# What needs to be done:
Images excluded, reproduce each line of the records exactly as it stands.

Data excerpts:
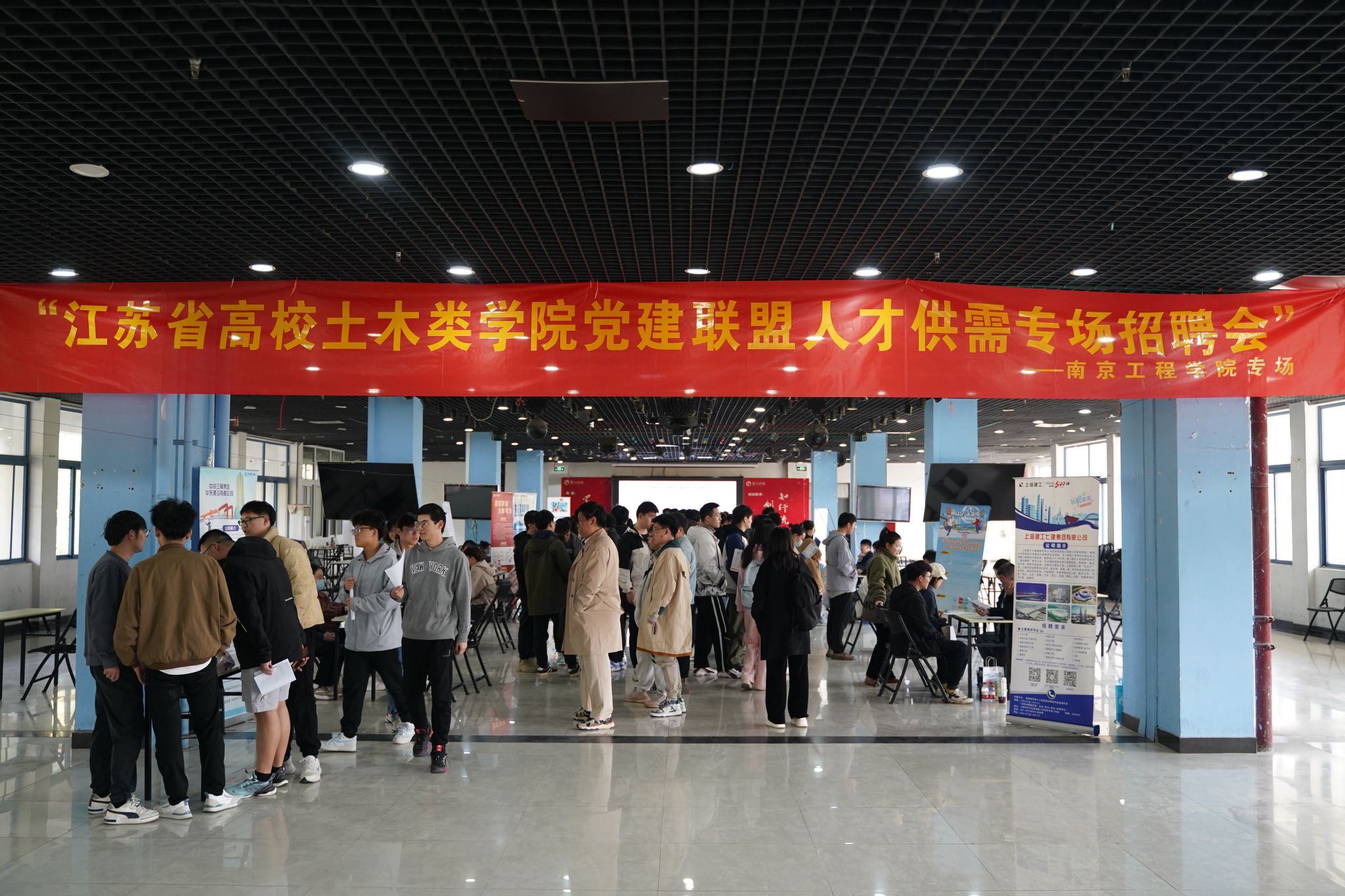 构建“党建+共建”校企协同育人平台。开展“江苏省高校土木类学院党建联盟人才供需专场招聘会”15vip太阳集团官网专场招聘活动,学院党政负责人深入活动现场,与多个用人单位进行了深入交流,促进校企双方在专业实习、人才培养、项目合作、实践服务、科创比赛、就业招聘等方面开展深度合作。此次招聘会的招聘岗位涵盖土木工程、建造管理、交通土建、建筑工程、建筑学、城市地下空间工程、测绘工程、安全工程、工程管理、工程造价、财务管理、会计学、人力资源管理等13个专业,为近80名党员、学生提供实习实训岗位。同学们纷纷驻足自己感兴趣的招聘单位,就招聘岗位的工作内容、发展空间、薪资待遇等问题进行详细咨询。用人单位面对毕业生的咨询耐心解答,并就单位需要招聘的岗位、用人条件、福利待遇等方面内容向前来咨询的毕业生进行详细讲解。
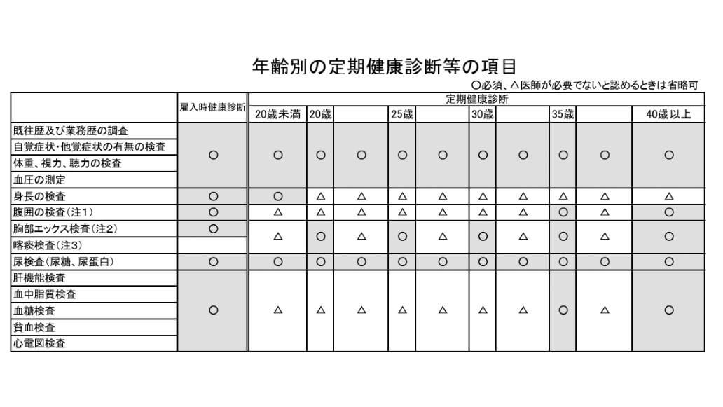 定期健康診断の診断項目は、年齢によって必須のものと、医師が必要でないと認めるときは省略可のものがあります。
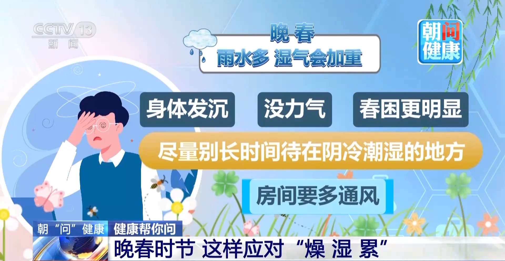 晚春雨水多,湿气也会加重,人容易觉得身体发沉、没力气,春困也会更明显。尽量别长时间待在阴冷潮湿的地方,房间要多通风。少吃生冷、油腻和过甜的食物,避免加重体内湿气。
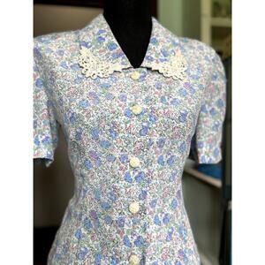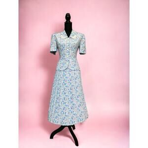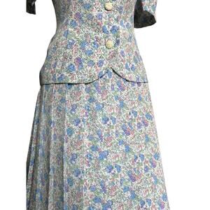 Vintage 1970's pleated skirt Leslie Fay two piece skirt and top. This sweet set is a floral pattern with pink, green, blue and purple on white. Lace applique on collar. The buttons on this top are a gorgeous pearl like button with tons of detail. The skirt has an elastic waistband and can be worn with or without a crinoline slip. The pictures are with a small crinoline slip underneath. The top is a button front with shoulder pads. This is a vintage 70's size 8 which is typically going to be a smaller modern size so please see measurements. The measurements are taken flat unless noted otherwise. This are approximate measurements but I take time to try and get as close as possible. 100% polyester , machine wash cold , gentle cycle, no bleach, iron low, tumble dry low. If outside of US message me for exact cost
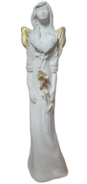 Anioł gipsowy z różą | A-37
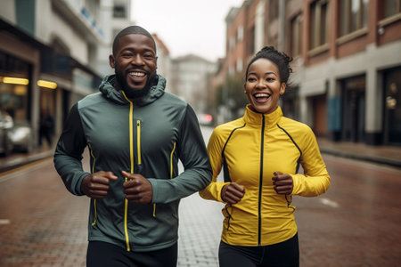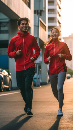 Morning jog Young couple in sport clothing running through the city street together : Generative AI
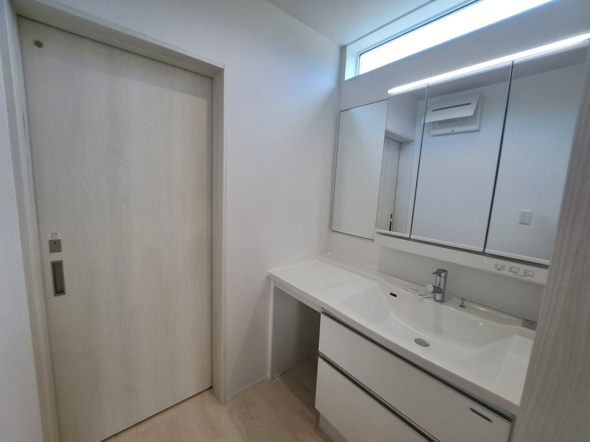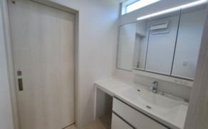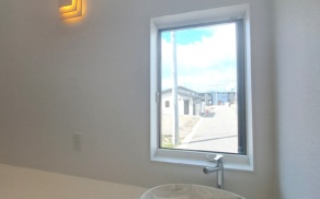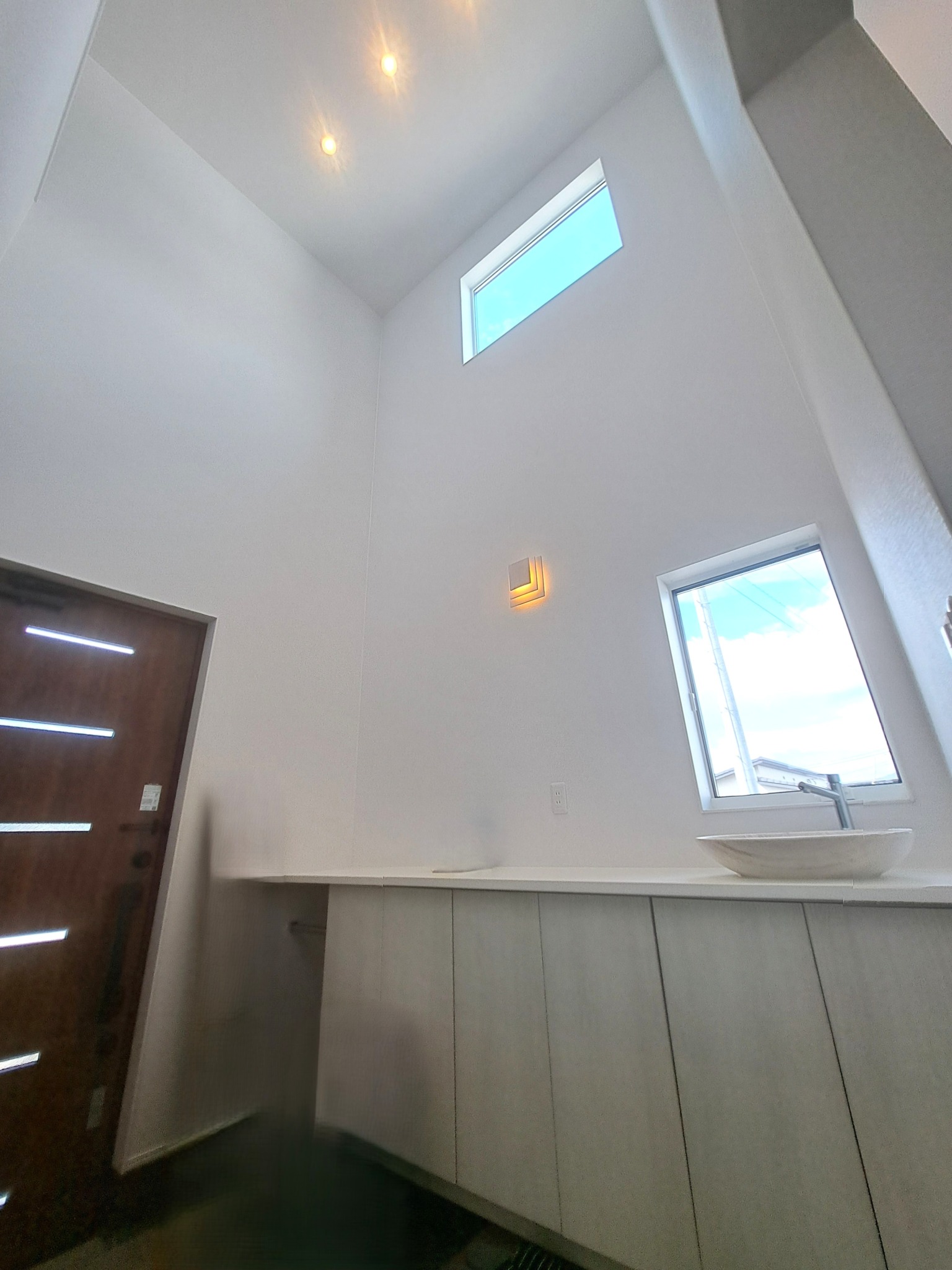 吹抜けになった玄関が圧倒的に広く明るく開放的なМ様邸。 腰高で並んだ下駄箱の上にはオシャレな手洗い器があり、 天井が高くなることで実際の広さ以上のゆとりを感じられるのも大きな魅力です。
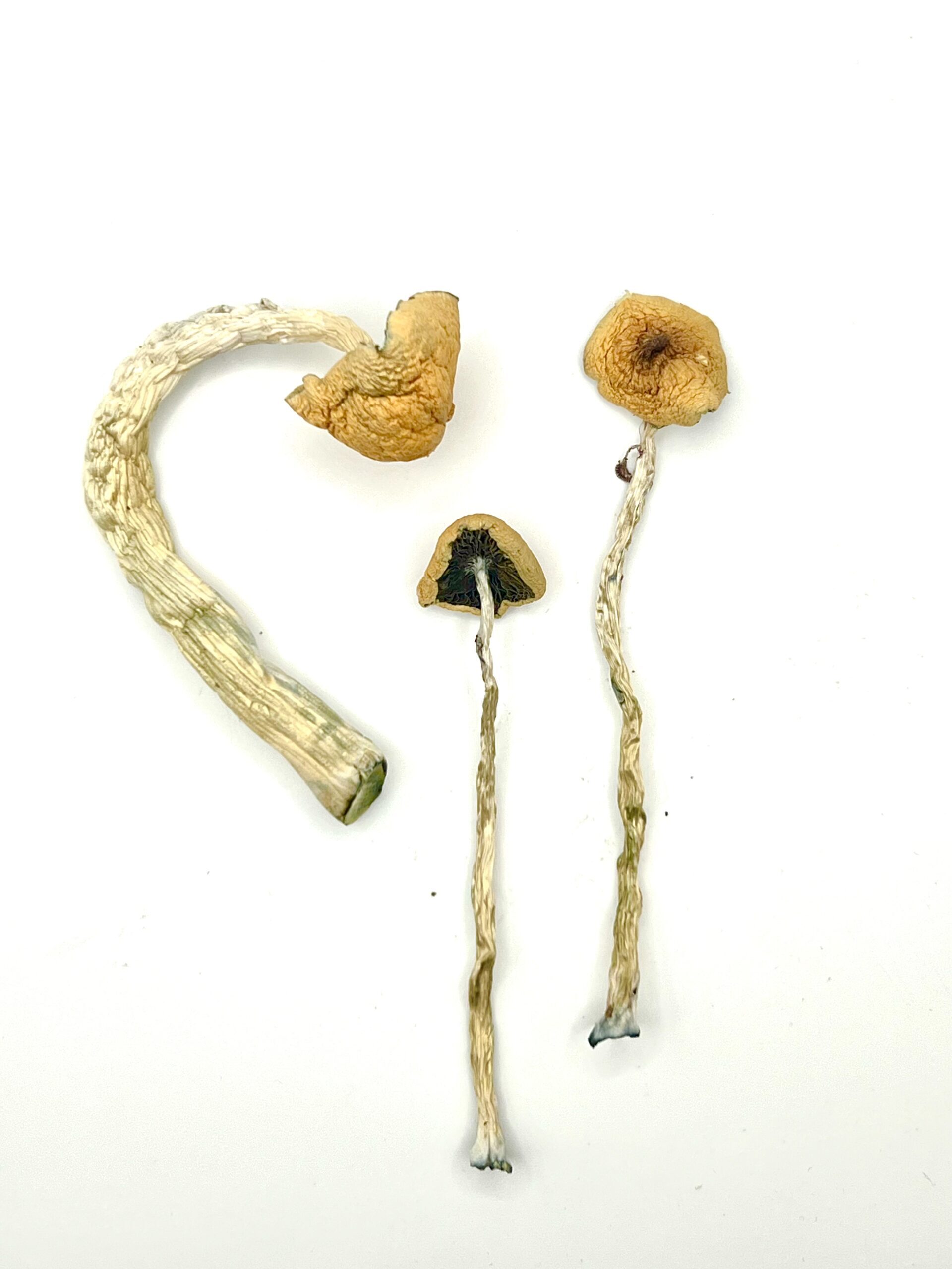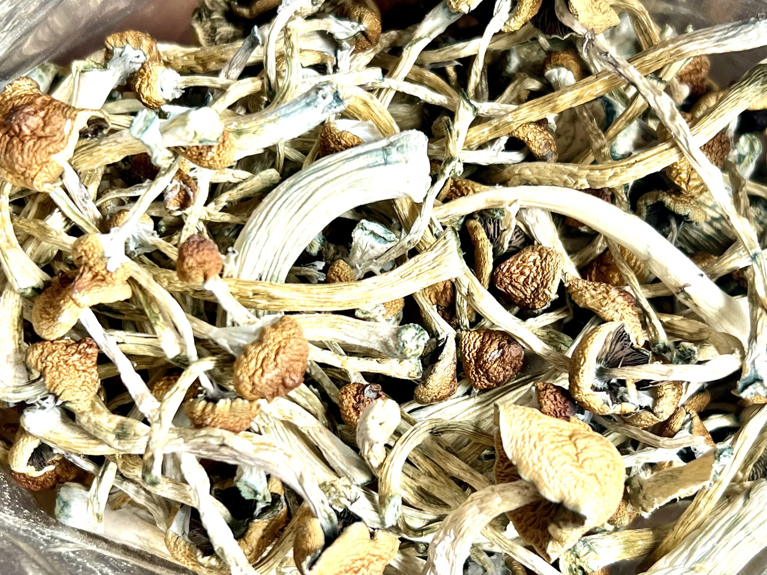 The Golden Hawk mushroom is a hybrid of the popular Golden Teacher and P.E. Hawk strains of Psilocybe cubensis. This variant is known for its robust growth and potency. The cap is golden and often displays a pronounced umbo at the center. It is sought after for both its educational value in mycological studies and its potential therapeutic uses. The Golden Hawk is particularly noted for its consistent flushes and larger-than-average fruiting bodies

# Output for this task:
 构建“党建+共建”校企协同育人平台。开展“江苏省高校土木类学院党建联盟人才供需专场招聘会”15vip太阳集团官网专场招聘活动,学院党政负责人深入活动现场,与多个用人单位进行了深入交流,促进校企双方在专业实习、人才培养、项目合作、实践服务、科创比赛、就业招聘等方面开展深度合作。此次招聘会的招聘岗位涵盖土木工程、建造管理、交通土建、建筑工程、建筑学、城市地下空间工程、测绘工程、安全工程、工程管理、工程造价、财务管理、会计学、人力资源管理等13个专业,为近80名党员、学生提供实习实训岗位。同学们纷纷驻足自己感兴趣的招聘单位,就招聘岗位的工作内容、发展空间、薪资待遇等问题进行详细咨询。用人单位面对毕业生的咨询耐心解答,并就单位需要招聘的岗位、用人条件、福利待遇等方面内容向前来咨询的毕业生进行详细讲解。
 定期健康診断の診断項目は、年齢によって必須のものと、医師が必要でないと認めるときは省略可のものがあります。
 晚春雨水多,湿气也会加重,人容易觉得身体发沉、没力气,春困也会更明显。尽量别长时间待在阴冷潮湿的地方,房间要多通风。少吃生冷、油腻和过甜的食物,避免加重体内湿气。
 Vintage 1970's pleated skirt Leslie Fay two piece skirt and top. This sweet set is a floral pattern with pink, green, blue and purple on white. Lace applique on collar. The buttons on this top are a gorgeous pearl like button with tons of detail. The skirt has an elastic waistband and can be worn with or without a crinoline slip. The pictures are with a small crinoline slip underneath. The top is a button front with shoulder pads. This is a vintage 70's size 8 which is typically going to be a smaller modern size so please see measurements. The measurements are taken flat unless noted otherwise. This are approximate measurements but I take time to try and get as close as possible. 100% polyester , machine wash cold , gentle cycle, no bleach, iron low, tumble dry low. If outside of US message me for exact cost
 Anioł gipsowy z różą | A-37
 Morning jog Young couple in sport clothing running through the city street together : Generative AI
 吹抜けになった玄関が圧倒的に広く明るく開放的なМ様邸。 腰高で並んだ下駄箱の上にはオシャレな手洗い器があり、 天井が高くなることで実際の広さ以上のゆとりを感じられるのも大きな魅力です。
 The Golden Hawk mushroom is a hybrid of the popular Golden Teacher and P.E. Hawk strains of Psilocybe cubensis. This variant is known for its robust growth and potency. The cap is golden and often displays a pronounced umbo at the center. It is sought after for both its educational value in mycological studies and its potential therapeutic uses. The Golden Hawk is particularly noted for its consistent flushes and larger-than-average fruiting bodies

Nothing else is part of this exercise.